Os julgamentos vêm ocorrendo por videoconferência neste período de pandemia. Já há resolução do Conselho Nacional de Justiça para regulamentar o assunto, temos implementações das videoconferências nos tribunais superiores e já está em andamento nos tribunais de justiça, tribunais regionais do trabalho e tribunais regionais federais. O resultando é o melhor dentro do possível, ainda que necessite de ajustes.
Mas, por outro lado, há determinadas situações nas quais constata-se perdas no exercício do direito de defesa, como é o caso dos julgamentos em Plenário Virtual do Supremo Tribunal Federal. O julgamento ocorre durante uma semana, enquanto os ministros lançam seus votos no curso desse período, mas aqueles que não votarem, computa-se como se estivesse concordando com o voto do relator. A decisão final ocorre sem a efetiva participação do advogado, sem que ele possa fazer esclarecimentos de fatos e acompanhar os debates, inexistentes com a adoção dessa sistemática. Essa me parece uma metodologia ruim de virtualização de julgamentos, pois cerceia o direito da parte e viola a regra constitucional de publicidade das sessões.

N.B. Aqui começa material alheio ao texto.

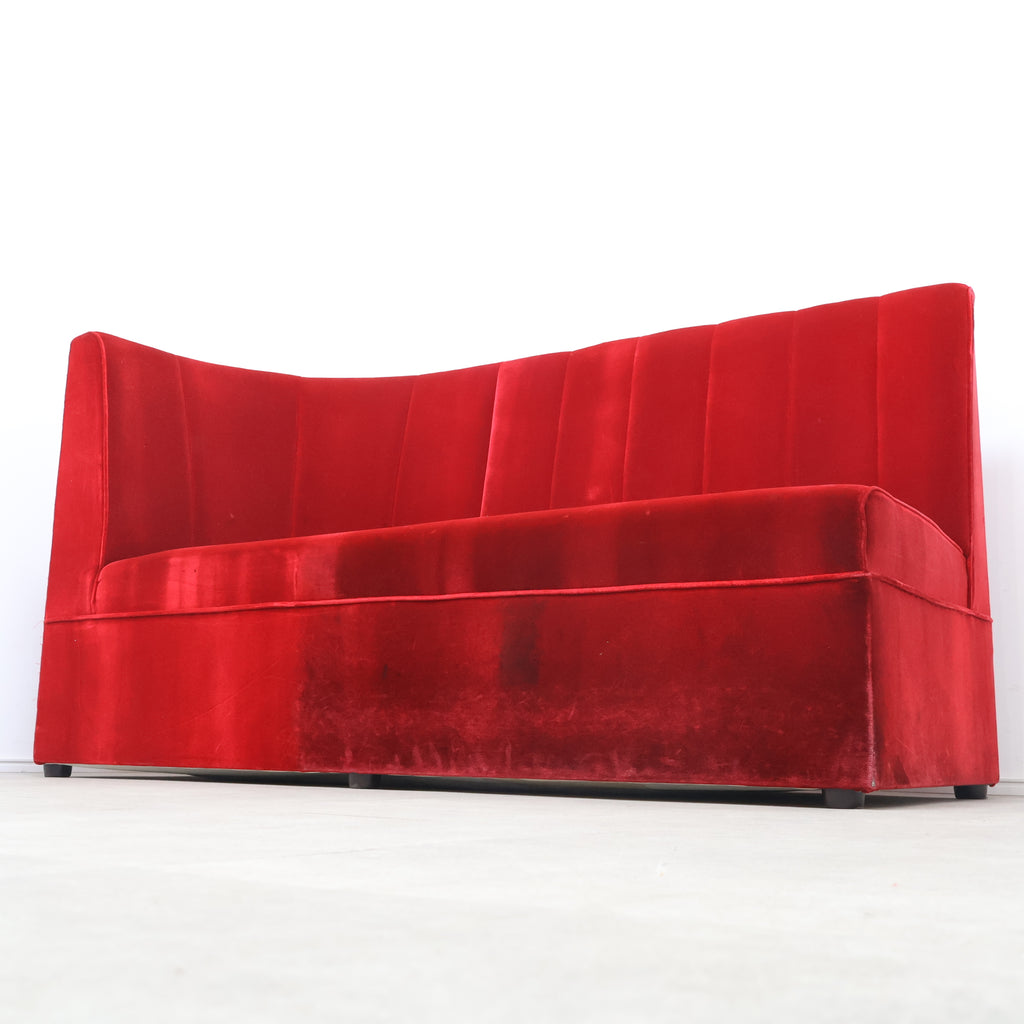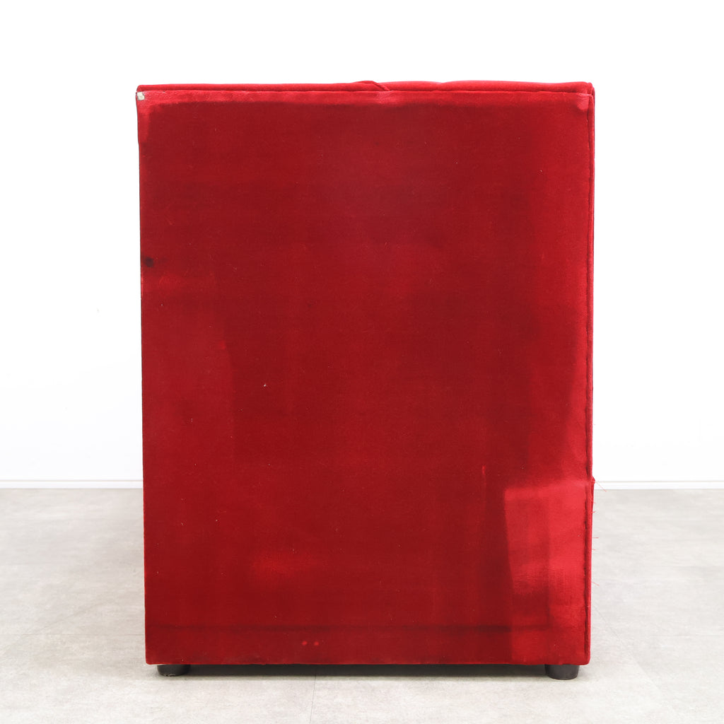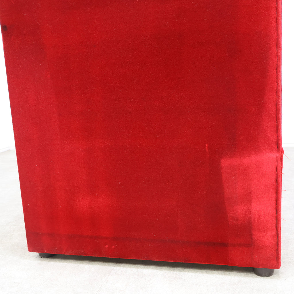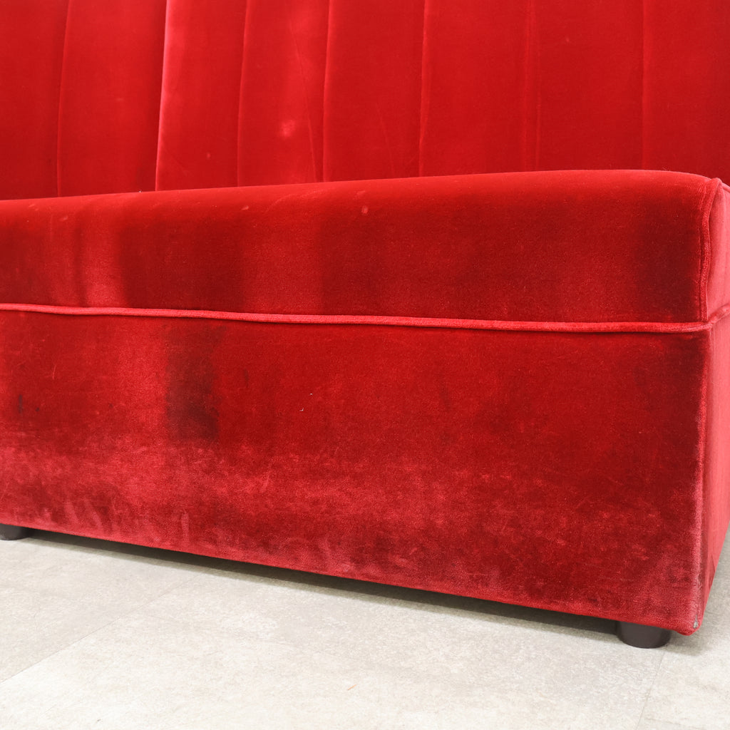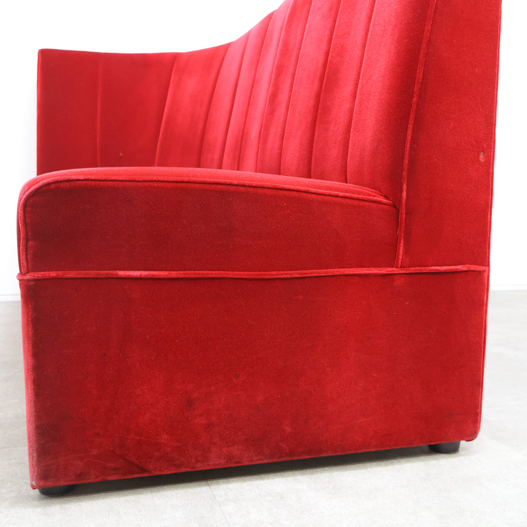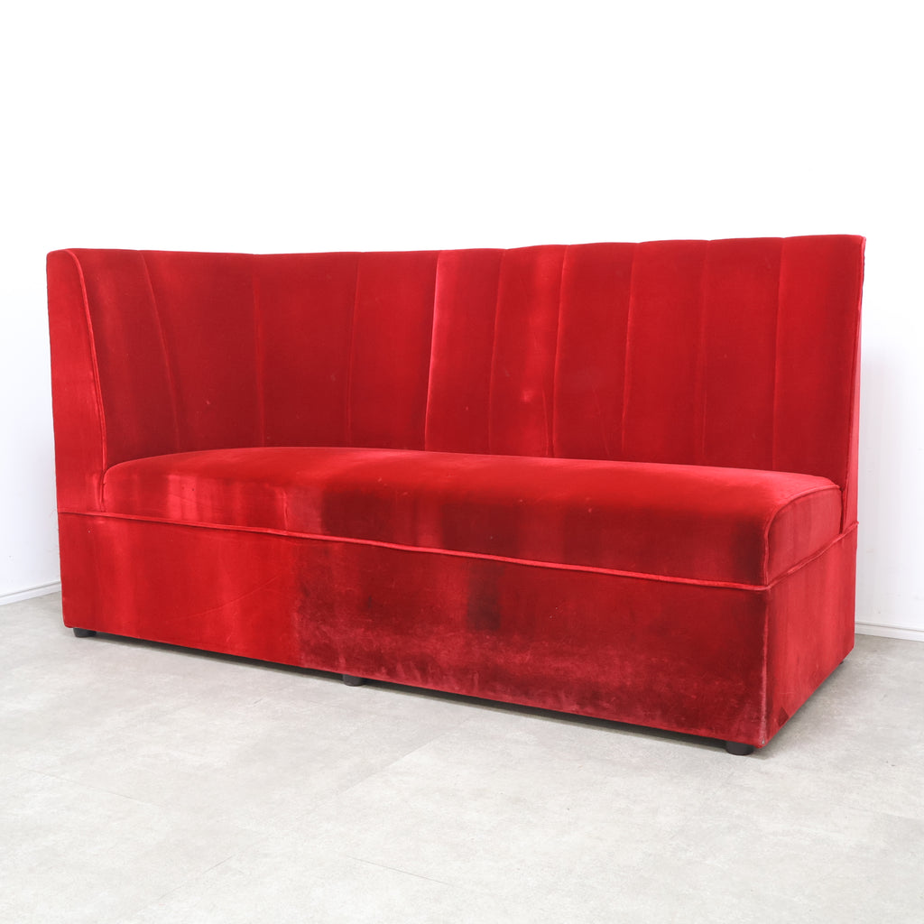 鮮やかなレッドカラーが印象的な、喫茶店・ラウンジで使用されていた2人掛けボックスソファのコーナータイプです。
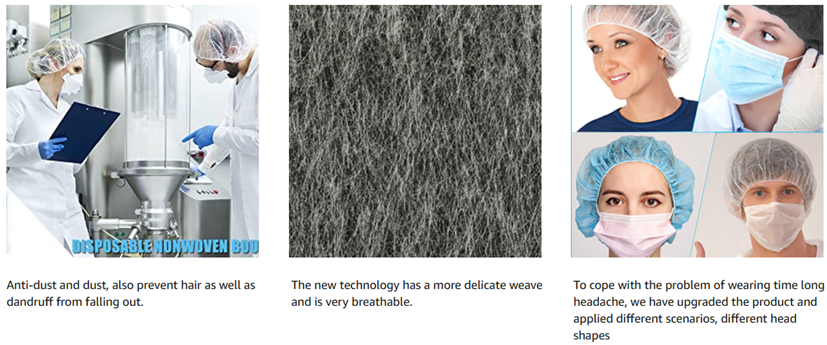 • [WIDE RANGE OF APPLICATIONS] :Hair covers widely used in food service,Manufacturing,Medical,Work,Cooking.

Outra mudança significativa no pós-pandemia serão as demandas do mercado. A Covid-19 afetou a estrutura de quase todos os negócios jurídicos celebrados, como os contratos, seja de locação, de empréstimo, de fornecimento, dentre outros. Alterou as relações trabalhistas. E toda a vida social estruturada juridicamente sofreu um abalo muito grave. Essas relações precisam ser reacomodadas. É certo que nós advogados devemos estar preparados para a grande demanda de trabalho que surgirá no pós-pandemia.
Além disso, um dos aspectos mais relevantes, e que agora passa a ser concreto, é a maior democratização do acesso ao Poder Judiciário perante as partes e a advocacia. Para um escritório de menor porte, principalmente para os distantes de Brasília, era difícil e, por vezes, inviável economicamente, imaginar sustentar oralmente em um processo em tribunais superiores. Hoje, com a pandemia, podemos observar a democratização desse acesso. Acabamos com a concentração da advocacia para escritórios maiores, que são poucos, e outros talentos vão aparecer com essa maior facilidade de atuação. E ainda há perspectivas ainda maiores quando tivermos de fato implantada a tecnologia 5G no Brasil. Esse é um aspecto extremamente positivo da virtualização. Que os melhores se destaquem!